Oh, and about 10% of people are morning people, 70% of people are mid-day people, and 20% are night owls.
Take Afternoon Naps. 95% of us need an afternoon nap around 3:00-3:30pm. (The Spanish and Italians afternoon siestas are totally right.) We just train ourselves to ignore that natural lull and push through it. NASA requires its astronauts to take naps when on mission. They did a study that showed a 26 min afternoon nap improved performance–mental and physical–over 30%. Winston Churchill and Woodrow Wilson both took afternoon naps. (Churchill napped on huge leather couch in his office and Wilson, when he was President of the US, had a nap room next to the oval office and actually changed into full pajamas every afternoon!)
It’s hard to find the time for this–I can’t do this regularly. But when I have had the chance, I can always feel a huge mental boost. I have even reserved a conference room at work, gone in there and turned the lights off. Then I’ve laid on the floor for 20 minutes and set my phone’s alarm. Or I’ve gone to my car and turned on the A/C–again with a timer for 20 minutes.
Get Your Sleep Analyzed.There are multiple ways to evaluate your sleep patterns. You can discuss your sleep with your doctor. There are clinics that you go spend the night in and get evaluated while you sleep. And there are devices you can wear at home when you sleep, including the Zeo headband that talks to your smart phone http://www.myzeo.com/sleep/ (prices start as low as $99 for the equipment).

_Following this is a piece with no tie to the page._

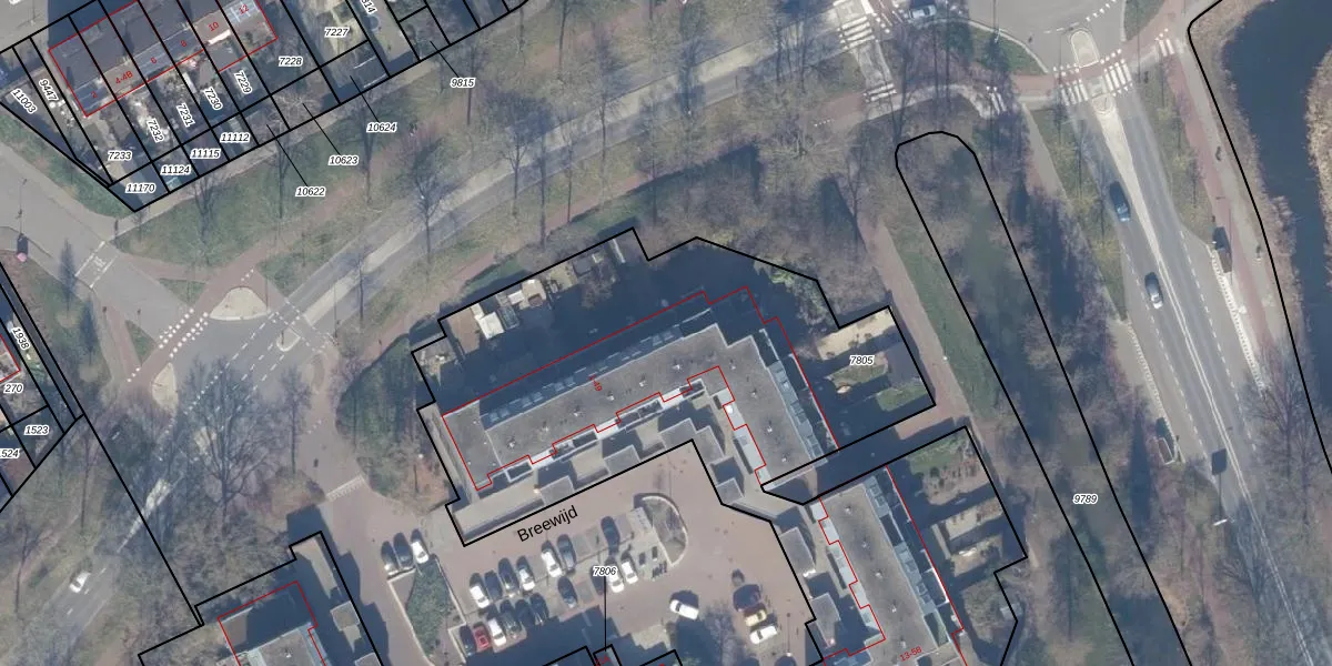 Het perceel waarop Breewijd 42 staat heeft een oppervlakte van 3675 m². Dit is een zeer groot perceel. De perceeloppervlakte wordt geregistreerd door het Kadaster. Gedetailleerde informatie over de maten van dit perceel kunt u vinden in het rapport Kadastrale kaart met maatvoering van Breewijd 42.
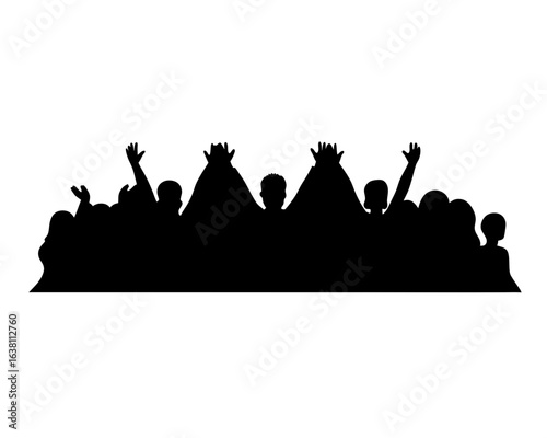 Silhouette of Crowd with Hands Up Expressing Enthusiasm at a Concert

If you are still thoroughly exhausted after sleeping what should be enough, don’t ignore what could be a real medical issue. I’m not a doctor, so I can’t tell you what symptoms to look for. But I can tell you that in college, one of my roommates discovered he had sleep apnea. It’s a condition where you wake back up almost as soon as you fall asleep, dipping in and out of light sleep. You’re sleeping, but never deeply. It’s a life-crushing condition. Weight gain, mental exhaustion, emotional stress…so much of our lives depend on good sleep.
I had lunch with a friend just a couple of weeks ago and he told me that he’d discovered only recently that he had sleep apnea as well. When he got diagnosed and treated (you can treat it and get real sleep again), his wife said it was like getting her husband back.

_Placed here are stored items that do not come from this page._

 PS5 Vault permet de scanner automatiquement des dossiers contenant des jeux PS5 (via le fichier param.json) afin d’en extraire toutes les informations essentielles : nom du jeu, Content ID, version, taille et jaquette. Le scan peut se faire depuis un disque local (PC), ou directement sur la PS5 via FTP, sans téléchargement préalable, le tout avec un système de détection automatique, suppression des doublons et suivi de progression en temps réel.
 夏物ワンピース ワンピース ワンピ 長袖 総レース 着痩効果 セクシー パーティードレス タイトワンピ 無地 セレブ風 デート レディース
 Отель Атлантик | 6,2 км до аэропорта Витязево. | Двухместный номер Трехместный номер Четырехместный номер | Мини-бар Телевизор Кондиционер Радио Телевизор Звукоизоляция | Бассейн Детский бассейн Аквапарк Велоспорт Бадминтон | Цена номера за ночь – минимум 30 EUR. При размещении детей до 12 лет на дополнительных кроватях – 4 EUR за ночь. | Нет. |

Want to change your life overnight? Get more and better sleep. I know of very little else that can have such a powerful impact on so many things. Don’t overlook this crucial aspect of your life. How much of life are you missing out on? What kind of energy and weight loss and relationships are you leaving on the table, so to speak, all because you’ve trained yourself to expect less sleep than you actually need?